Registrations for new passenger cars in Germany grew by 5% year-on-year to 3.607m vehicles last year.
German OEM groups had a 70.3% share of the market at 2.535m, while foreign makes accounted for the remaining 1.072m of registrations. Each category increased by 5% on 2018, according to figures released by sector body VDA and the government’s motor transport authority (KBA).
Last year’s volume compares with the high of 3.8m registered in 2009.
Because of weaker demand around the world, German exports fell by 13% to 3.480m which, in turn, dragged down the country’s OEM’s production by 9% to 4.662m.
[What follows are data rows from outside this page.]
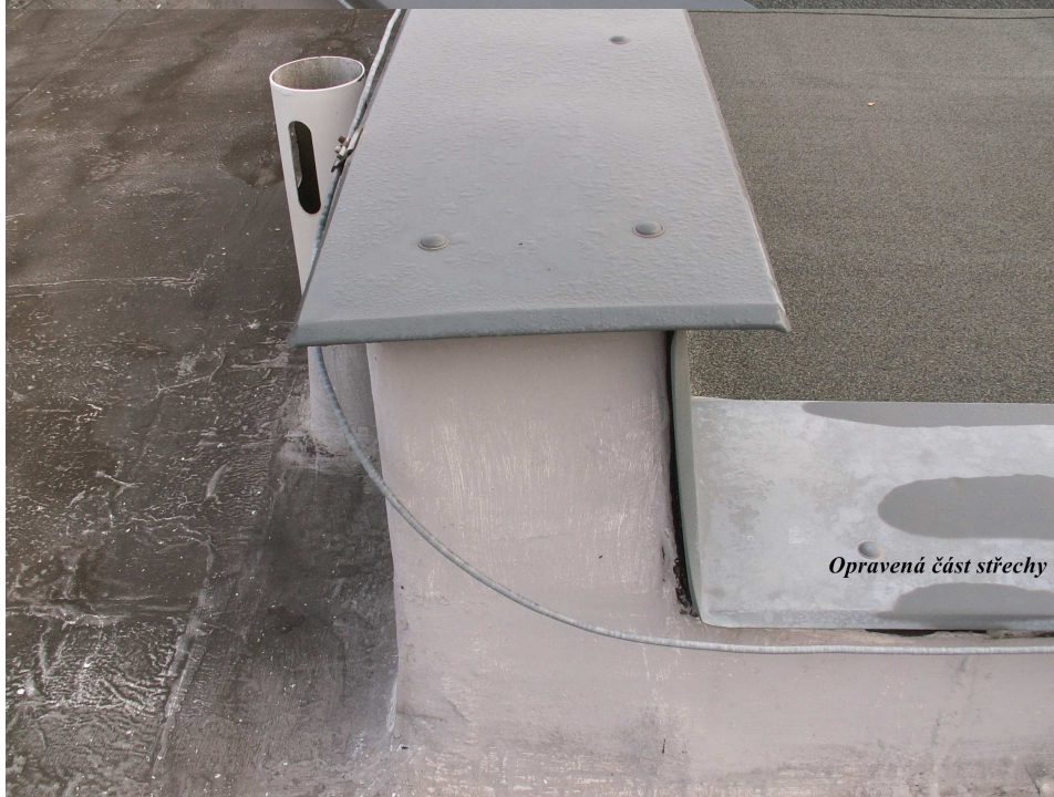
Opravená část střechy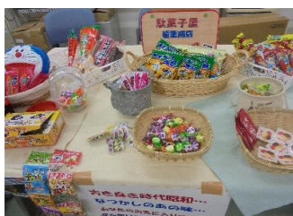
昔懐かし駄菓子屋さん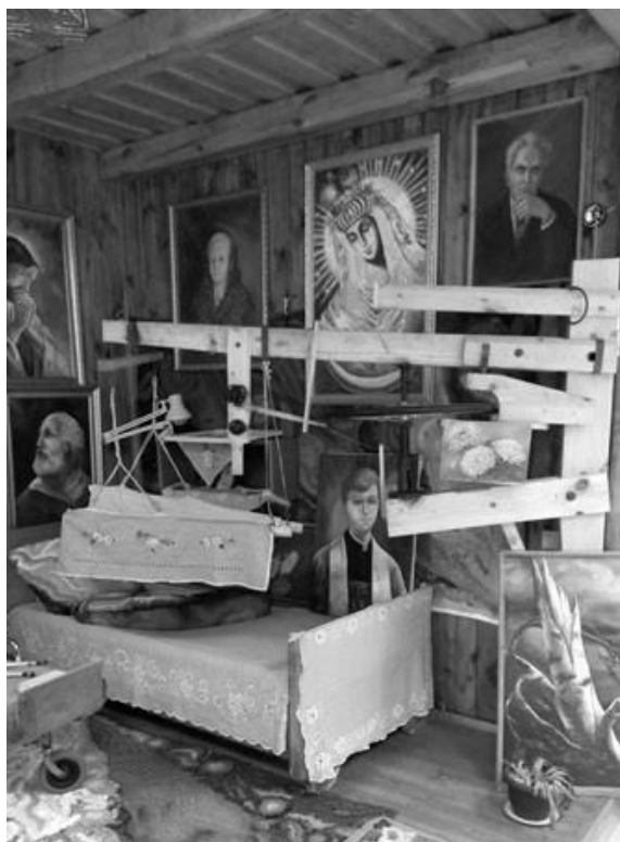
XX MKNJZ, 24–27.06.2016.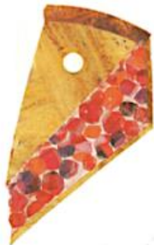
EUNE TARTE ÈS BADIES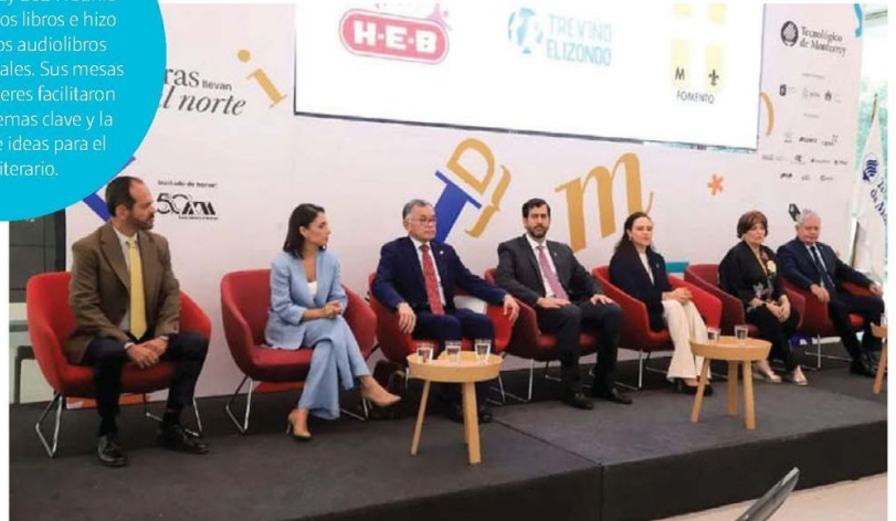
LA UAM. Invitada de honor, la casa de estudios puso el foco en temas ambientales.

Daniel Harrison, automotive analyst, commented: “The macroeconomic backdrop to Germany’s industrial sector woes is that their GDP contracted by -0.1 in Q2 2019 and grew by only 0.1% in Q3 of 2019, narrowly avoiding falling in to a recession - which is defined as two consecutive quarters of contraction. Nonetheless this is very weak growth, which does not bode well for their industrial outlook.”
Regarding the European C02 emissions that came into force on January 1, 2020, Harrison suggests Germany is ”unusually exposed” because the premium OEMs BMW, Daimler and Audi (part of VW Group) produce a lot of high emitting vehicles.
”For these German OEMs, the transition to hybrid and electric vehicles is going to require unprecedented levels of investment. German OEMs are also at real risk of losing market share to OEMs that are ahead of the curve with EVs such as Renault / Nissan, Tesla and at the lower end potentially even being challenged by lower cost EVs from China,” Harrison states.